Toa Payoh contains numerous established HDB developments, including blocks on Jalan Toa Payoh, Lorong 1 Toa Payoh, Lorong 2 Toa Payoh, and Jalan Rajah, each offering comparable three-bedroom units typically priced between S$640,000 and S$700,000—a band within which 106 Jalan Dusun sits comfortably. The development's differentiation derives from specific locational advantages: proximity to Toa Payoh MRT is relatively consistent across the estate, though exact walking distances vary, and 106 Jalan Dusun's position reflects typical accessibility for this planning area. Neighbourhood amenities—hawker centres, retail, schools, parks—are comprehensively distributed across Toa Payoh, minimising the possibility of material differentiation on this criterion. Ultimately, the choice among competing Toa Payoh developments hinges on specific unit condition, floor level (higher floors commanding premiums for light and privacy), proximity to community facilities, and individual property-specific factors rather than estate-wide differentiation. Buyers should conduct direct unit-by-unit comparisons rather than making blanket assessments across different developments.

Are particular unit stacks or floor levels at 106 Jalan Dusun likely to offer superior value or appreciation potential?

Within mature HDB developments, floor level exerts measurable influence on both acquisition price and future resale attractiveness. Lower floor units (typically levels 1 to 3) generally command discounts of 5 to 10 per cent relative to mid-level equivalents, reflecting potential concerns regarding light penetration, street noise, and perceived privacy—though modern HDB design typically mitigates these issues effectively. Mid-to-high floor units (levels 5 to 15) command marginal premiums of 3 to 8 per cent, driven by superior light, reduced noise, and enhanced perceived privacy; the optimal value proposition typically emerges in the level 8 to 12 range, where premium diminution begins as further height gain produces diminishing experiential benefit. Ground-adjacent units in some developments attract discounts due to noise proximity and loading dock activities. For investment purposes, mid-level units often represent the superior value, offering adequate premium appeal to renters (who prioritise light and privacy) whilst avoiding the excessive premiums commanded by the topmost floors.
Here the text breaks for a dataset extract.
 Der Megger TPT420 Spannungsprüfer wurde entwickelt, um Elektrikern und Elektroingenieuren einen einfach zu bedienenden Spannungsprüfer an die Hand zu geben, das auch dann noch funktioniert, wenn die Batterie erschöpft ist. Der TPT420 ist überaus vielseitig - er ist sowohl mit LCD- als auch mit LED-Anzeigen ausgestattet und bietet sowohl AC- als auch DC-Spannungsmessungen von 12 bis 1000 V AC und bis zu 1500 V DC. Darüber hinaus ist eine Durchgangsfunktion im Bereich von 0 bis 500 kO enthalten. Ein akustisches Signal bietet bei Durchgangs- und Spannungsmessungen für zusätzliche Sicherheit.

Specific unit location within the block—proximity to lift lobbies, staircases, or other common facilities—also influences both pricing and long-term desirability.

What is the future supply pipeline for HDB developments in Toa Payoh, and how might it affect property values?
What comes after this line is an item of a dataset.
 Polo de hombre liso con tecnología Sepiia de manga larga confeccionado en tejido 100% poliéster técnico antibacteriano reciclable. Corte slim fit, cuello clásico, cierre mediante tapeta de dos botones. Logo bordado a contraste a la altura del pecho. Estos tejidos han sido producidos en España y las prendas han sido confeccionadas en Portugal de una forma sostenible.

Toa Payoh represents one of Singapore's earliest and most fully developed HDB estates, with new supply highly constrained by the absence of remaining undeveloped land within the planning area. The Housing and Development Board's development strategy has progressively shifted toward newer growth areas such as Punggol, Sengkang, and future regional centres; whilst pockets of land in Toa Payoh may be released for infill development or comprehensive redevelopment projects, material new supply appears unlikely in the medium term. This structural supply constraint actually supports the long-term value proposition of properties at 106 Jalan Dusun by limiting future competing new supply in the immediate vicinity. However, buyers should monitor the Government's broader HDB supply plans and any proposed en bloc redevelopment initiatives affecting their specific block, as large-scale neighbourhood renewal could theoretically force acquisition at government-determined prices. Current market indicators suggest Toa Payoh's established status and transport connectivity will continue supporting steady demand regardless of new supply trends elsewhere, making the development's future valuation trajectory reasonably predictable relative to more speculative new launch locations.